We will work with the government to establish clear background checks currently absent in their commercial transportation licensing programs. We will also partner closely with the groups who are leading the way on women’s safety here in New Delhi and around the country and invest in technology advances to help make New Delhi a safer city for women.
Analyzing Uber’s response to this crisis
The first part of this statement has the right tone, demonstrating appropriate commitment to action on behalf of the car service company and true compassion. The second part of this statement is what makes me wonder.

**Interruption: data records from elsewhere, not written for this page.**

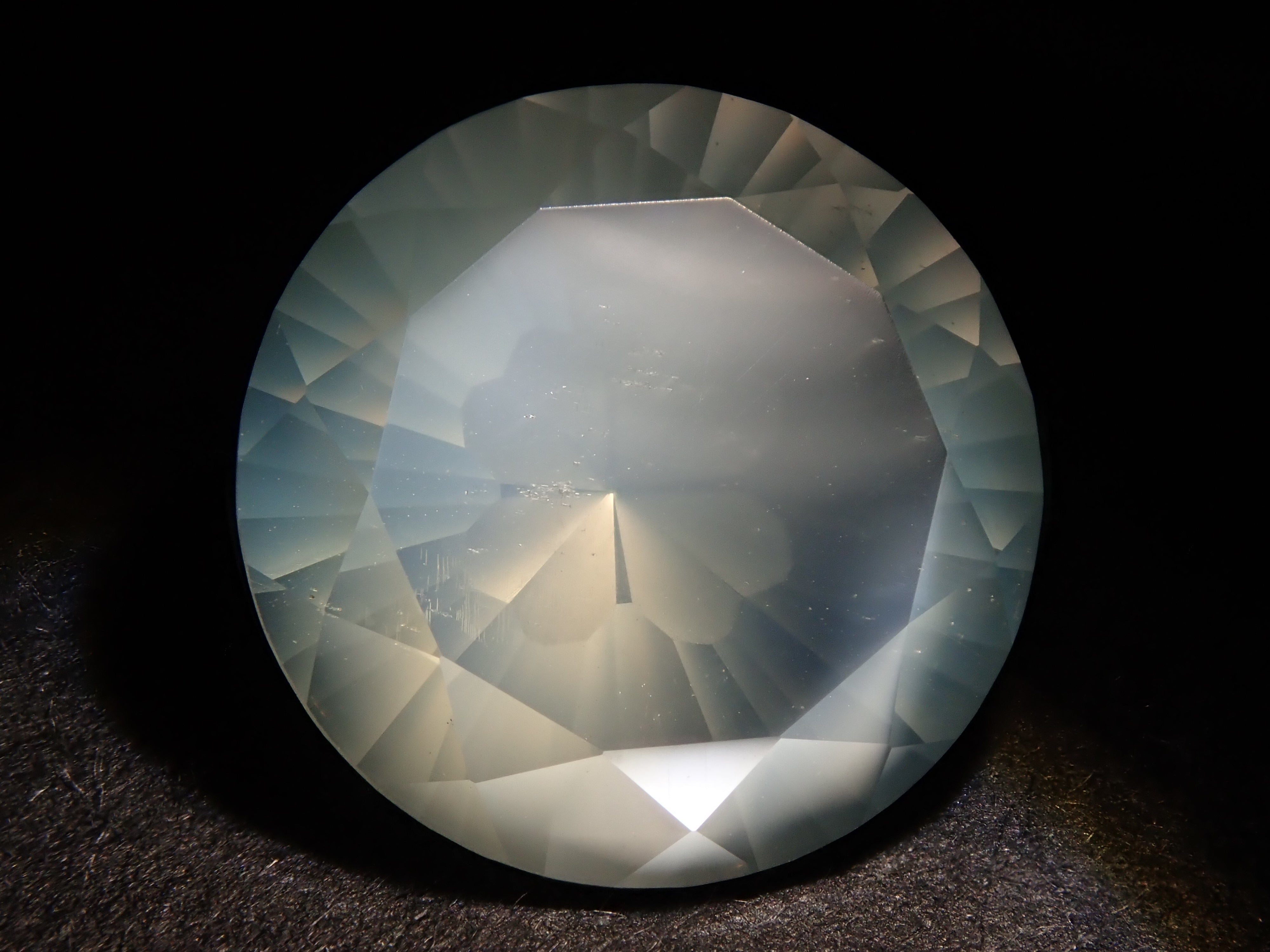 一顆看起來像聚光燈一樣的綠色月光石在中間閃閃發光。這種類似月光的明亮光學效果是月光石的標誌。月光石以其白色和藍色而聞名,因此這種綠色可能很罕見。照片是使用筆燈拍攝的。
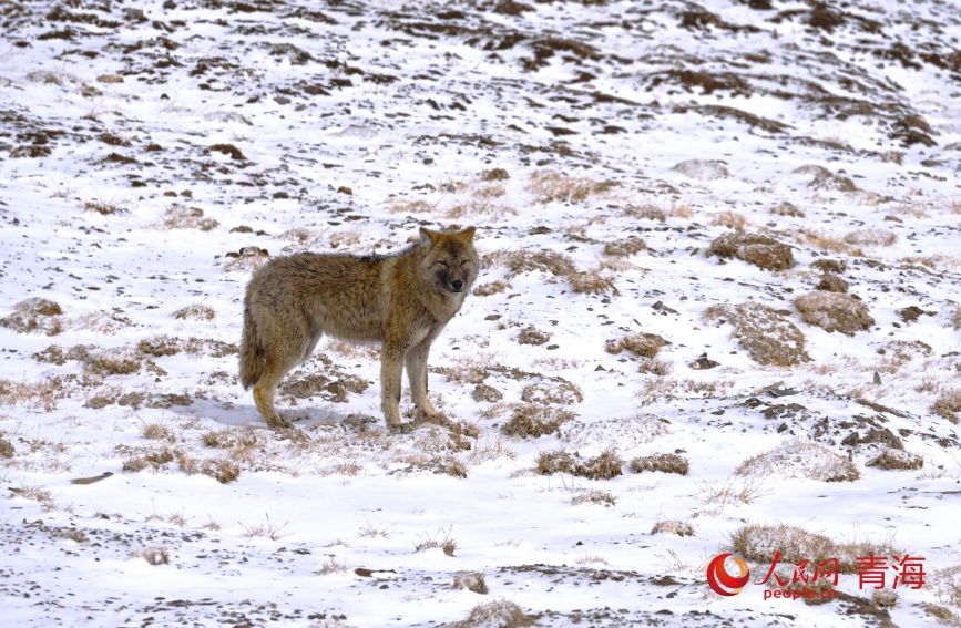 A wolf is spotted near the No. 109 national highway at Hoh Xil National Nature Reserve in northwest China's Qinghai Province. (People's Daily Online/Gan Haiqiong)
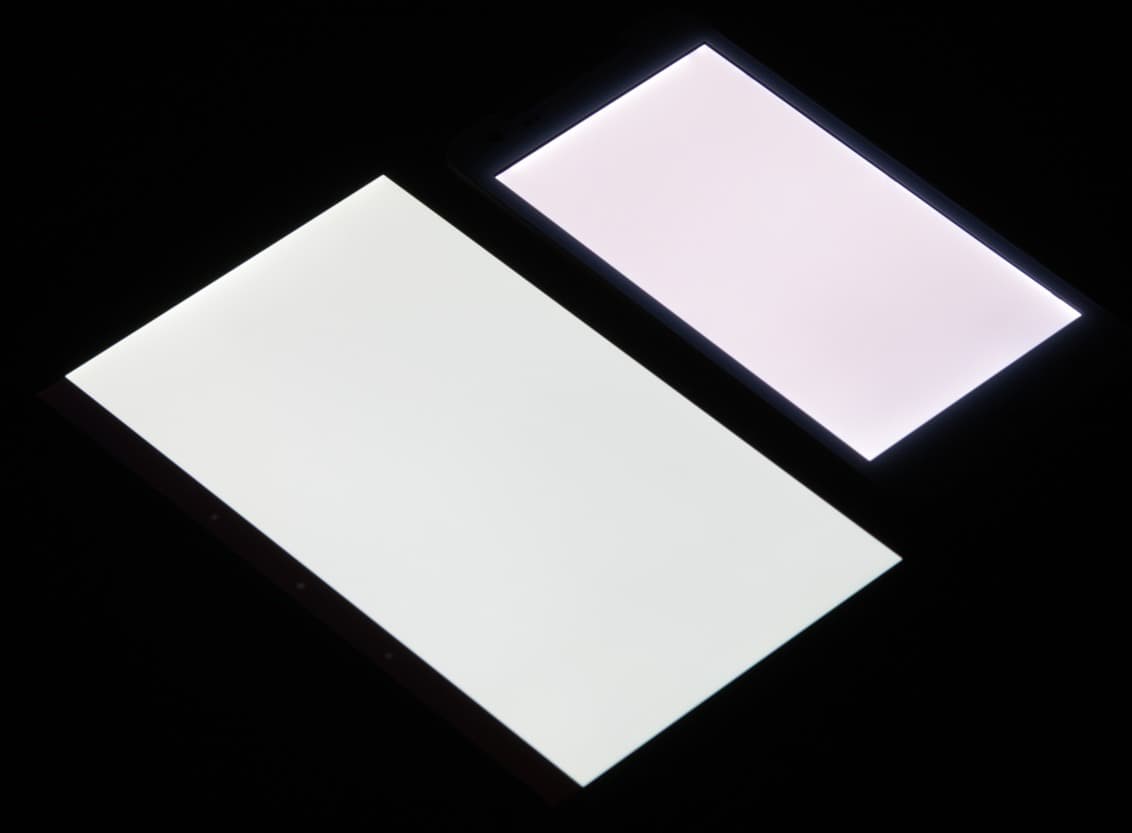Экран имеет хорошие углы обзора без значительного сдвига цветов даже при больших отклонениях взгляда от перпендикуляра к экрану и без инвертирования оттенков. Для сравнения приведем фотографии, на которых на экраны iRU M506 и Nexus 7 выведены одинаковые изображения, при этом яркость экранов изначально установлена примерно на 200 кд/м². Перпендикулярно к экранам белое поле:
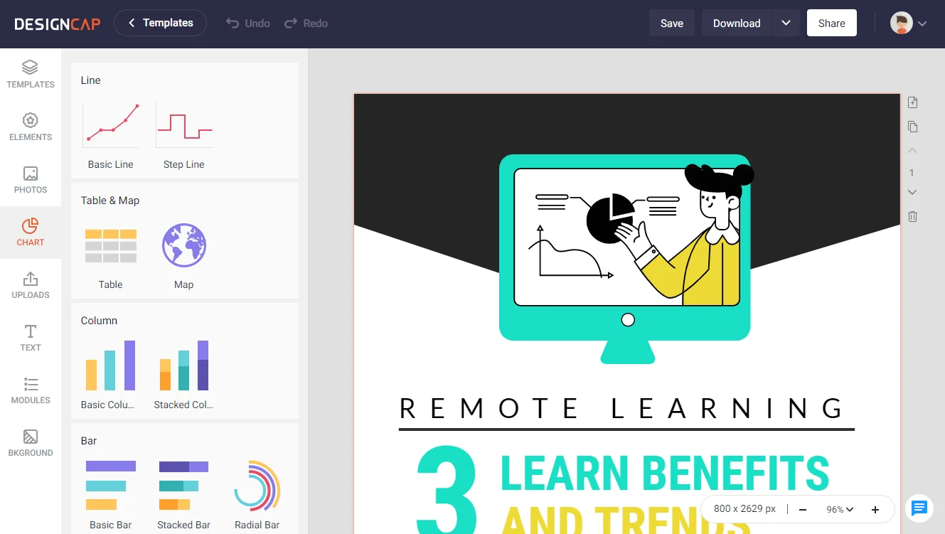 İnfografiğinizi düzenlemeyi bitirdiniz mi? Şimdi ekranın sağ üst köşesindeki indirme düğmesine tıklayın ve tasarımınızı kaydedin ve istediğiniz yerde kullanın. Dilediğiniz zaman sosyal medya gönderilerinizde veya web sitesi makalelerinizde kullanabilirsiniz. Bunu gördün mü? DesignCap hayatı kolaylaştırır ve dakikalar içinde harika görünen içerikler oluşturmanıza yardımcı olur.
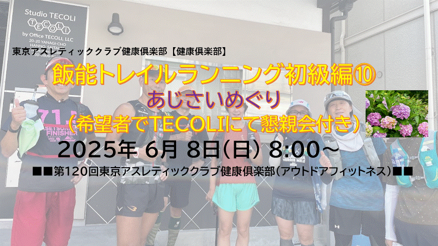 『飯能の里山で楽しくトレイルランニング!(あじさいめぐり)終了後は希望者でTECOLIにて懇親会』
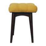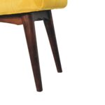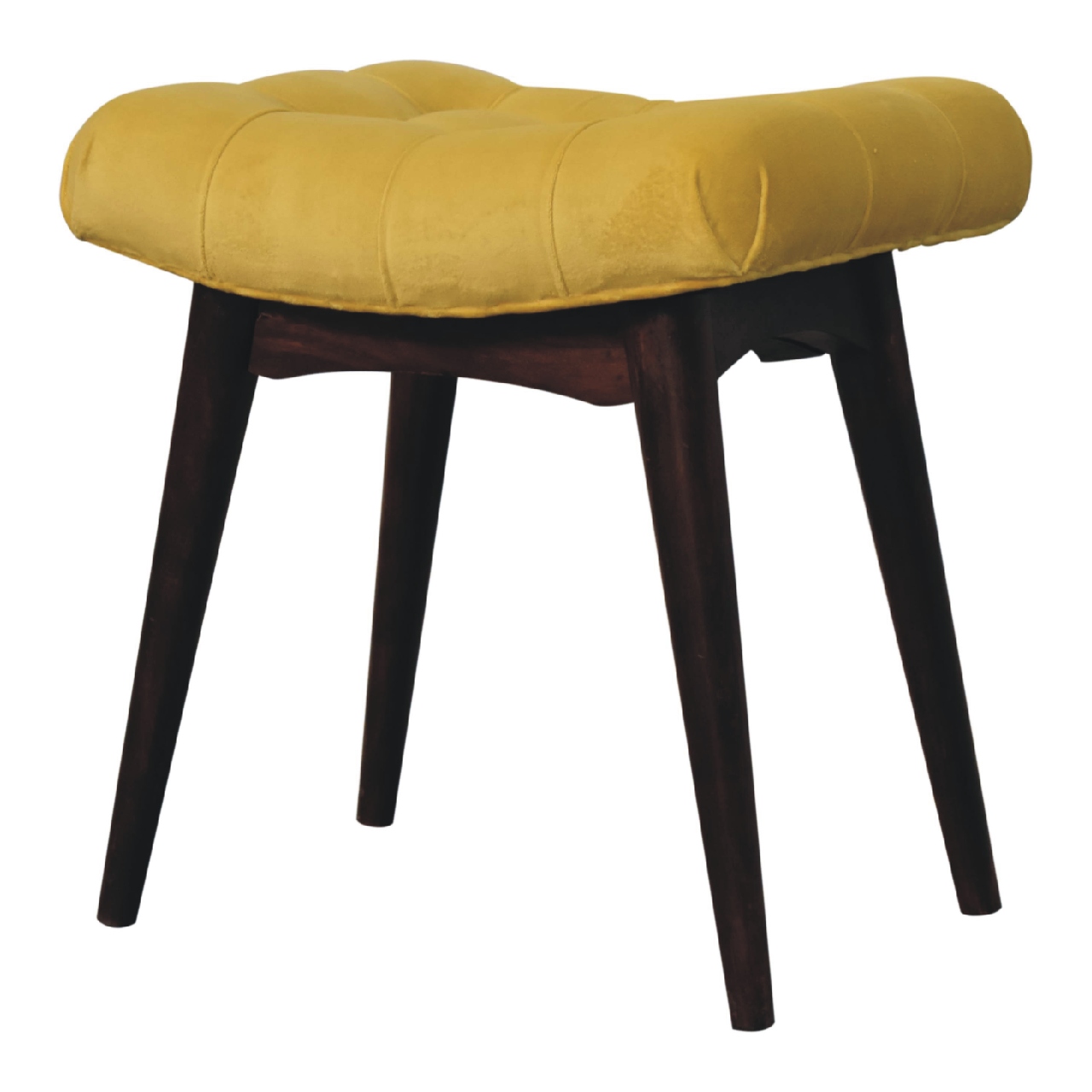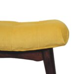 Our Nordic style benches will provide you with style and versatility. This stunning mini velvet bench has been upholstered in a mustard cotton velvet fabric and stands on 4 Nordic style feet constructed from 100% solid mango wood in a walnut finish. This piece can be used in a hallway or as additional seating in your bedroom or living room to create a cozy environment. This petite product is part of Recession Collection.

In their first sentence, they seem to pass the blame off onto the local government. My thinking here, is that if this was an identified risk (which it should have been), it was Uber’s responsibility to understand governmental restrictions and find ways to overcome them. This crisis reflects upon them after all, not the New Delhi government. Especially after the New Delhi government chose to ban Uber from their City.
The second part of the second paragraph also troubles me. It’s a major promise and commitment. If Uber were to follow through with this promise and actually be a part of the change, that would be great – for women in New Delhi as well as the Uber brand. However, if they fail, act too slowly, etc. it can be seen as an easy promise made too quickly to get themselves out of hot water. And what now since they’ve been banned from the City? Will they still hold strong on their promised commitment?
Preventable crises NEED to be prevented
It is not possible to foresee and prevent every type of crisis scenario. However, this one should have been identified as a risk and better processes should have been put in place to do everything in their power to prevent this crisis from occurring. Engaging a convicted sex offender is not doing everything in your power.
Hopefully Uber will further reflect upon this incident and begin to implement better policies and procedures throughout their company around the world. This is the type of statement I would have preferred to have seen in their response, as this is within their power to do, as well as addresses the number one concern on their female customers’ minds right now: “Can this happen to me the next time I choose to ride with Uber? Would I be safer calling another car service or just grabbing a cab?”
The two big lessons for you to take away from this case study
- Identify the preventable risks that leave your organization vulnerable and do everything in your power to prevent them from ever occurring.
- When faced with a crisis, don’t focus on making promises to help change the world. Focus on identifying the major concerns that your own stakeholders are experiencing due to the crisis, and focus on the ways that you can strengthen your own inner workings to address these concerns and prevent similar crises from happening again.
Update: December 31, 2014
As stated above, Uber really did need to address this concern internally. The following link is to a TechCrunch post that details several recent rapes in Boston by alleged Uber drivers. Uber Driver Charged With Rape In Boston
Author of Crisis Ready: Building an Invincible Brand in an Uncertain World, Melissa Agnes is a leading authority on crisis preparedness, reputation management, and brand protection. Agnes is a coveted keynote speaker, commentator, and advisor to some of today’s leading organizations faced with the greatest risks. Learn more about Melissa and her work here.
Lyn Brown says
I agree that crisis prevention is the first order of business. What complicates it in this case is Uber's nascent business definition – is it a commercial transportation service (taxi) or a technology firm which allows them to skirt the regulations that apply including background checks on their drivers? In any case, adopting best practices as outlined by the UN Global Compact is a good first step.